462 reports of this reaction
9.9% of all METHYLENE BLUE reports
#1 most reported adverse reaction
SEROTONIN SYNDROME is the #1 most commonly reported adverse reaction for METHYLENE BLUE, manufactured by American Regent, Inc.. There are 462 FDA adverse event reports linking METHYLENE BLUE to SEROTONIN SYNDROME. This represents approximately 9.9% of all 4,684 adverse event reports for this drug.
Patients taking METHYLENE BLUE who experience serotonin syndrome should discuss this symptom with their healthcare provider to determine whether it may be related to their medication and what alternatives may be available.
SEROTONIN SYNDROME is moderately reported among METHYLENE BLUE users, representing a notable but not dominant share of adverse events.

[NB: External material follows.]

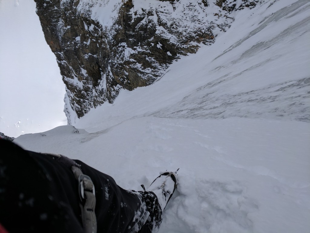 Chance and I are great friends, but in this instant, we were mad at each other and tempers were flaring. We took a pause at 2 am and brewed up (melted water), realizing being mad wasn’t going to solve any of our problems. We had a route description, but couldn’t pick the correct gully. Finally we chose one in which we could see the bottom, but not the middle. Our hand was forced by the fact that we couldn’t afford to spend much more time on the mountain (no food, no fuel, minimal water, and deteriorating weather). We left gear as we descended, using all of our slings—even my prusik cord. One nut anchors and chossy cam placements led us down to more steep snow. Similar to the conditions in the Ramen but worse; we made slow progress.

In addition to serotonin syndrome, the following adverse reactions have been reported for METHYLENE BLUE:
The following drugs have also been linked to serotonin syndrome in FDA adverse event reports:
SEROTONIN SYNDROME has been reported as an adverse event in 462 FDA reports for METHYLENE BLUE. This does not prove causation, but indicates an association observed in post-market surveillance data.
SEROTONIN SYNDROME accounts for approximately 9.9% of all adverse event reports for METHYLENE BLUE, making it one of the most commonly reported side effect.
If you experience serotonin syndrome while taking METHYLENE BLUE, contact your healthcare provider. They can evaluate whether the symptom is related to your medication and discuss potential adjustments to your treatment plan. Do not stop taking prescribed medication without consulting your doctor.